【完】キミからの“好き”がほしいだけ




「永遠...?」



名前を呼ばれて、笑って見せた。



あ...そうだ。

叶愛、今年はまだアレ買ってないよな?


だったら、雄大が叶愛のこと好きなら...



「雄大...ちょっとだけ待ってて」



俺はそういうと、屋台が並ぶ中に行って


“絶品!たい焼き屋”


そう書かれた看板を見つけ、



「おっちゃん、カスタード三つ。二つと一つで別々で」


「おぉ、永遠ちゃんじゃんかぁ~!
今日は叶愛ちゃんは?」



いつもたい焼きはここでしか買わないから
おっちゃんとは親しい。



「ちょっと...ね」



「そうか...。
相手の気持ちも大事だけどよー自分の気持ちも大切にしろよ?

ほらよ、300円だ」



「おう、ありがと。

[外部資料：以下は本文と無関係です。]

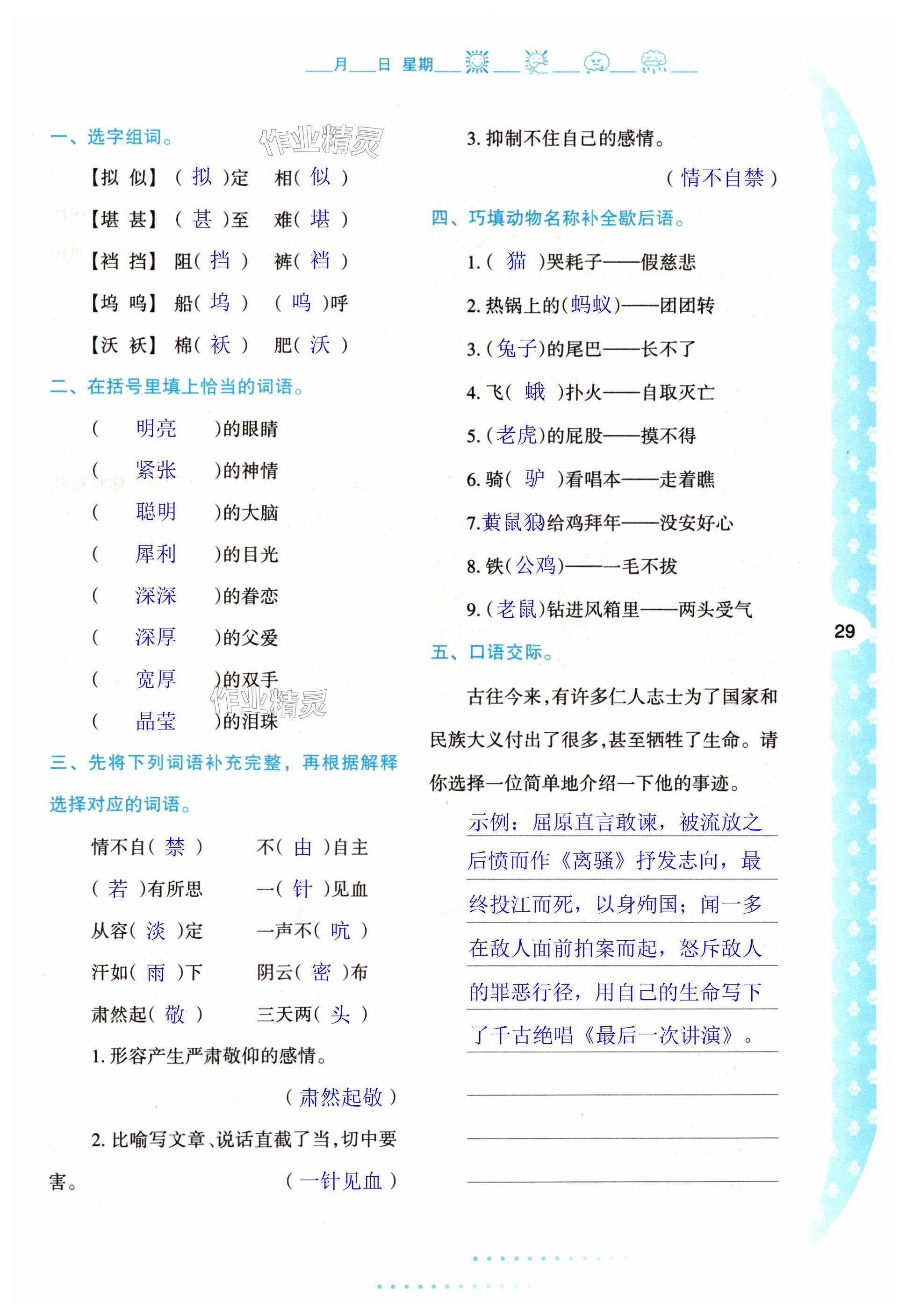 注:目前有些书本章节名称可能整理的还不是很完善,但都是按照顺序排列的,请同学们按照顺序仔细查找。练习册 2024年暑假作业与生活陕西人民教育出版社五年级语文人教版 答案主要是用来给同学们做完题方便对答案用的,请勿直接抄袭。

おっちゃん」



俺は財布から300円を取り出しておっちゃんに渡した。


それから、ダッシュで雄大のところに戻った。




「これさ...叶愛好きなの...。
だから、お前持っていって...
そんでもって家まで送っていってやって...」



ホントは俺が行きたい。


だけど、それはもうムリなんだ...っ。


雄大は叶愛が好きなんだろ?


じゃあ、幸せにしてほしい。
お前なら......任せられる。


こんなこと頼めるのはお前しかいないんだよ。



「...永遠が行けば?」



一瞬、耳を疑った。


まさか、誰にでも温厚な雄大に限って
そんな事言うとは思わなかったから。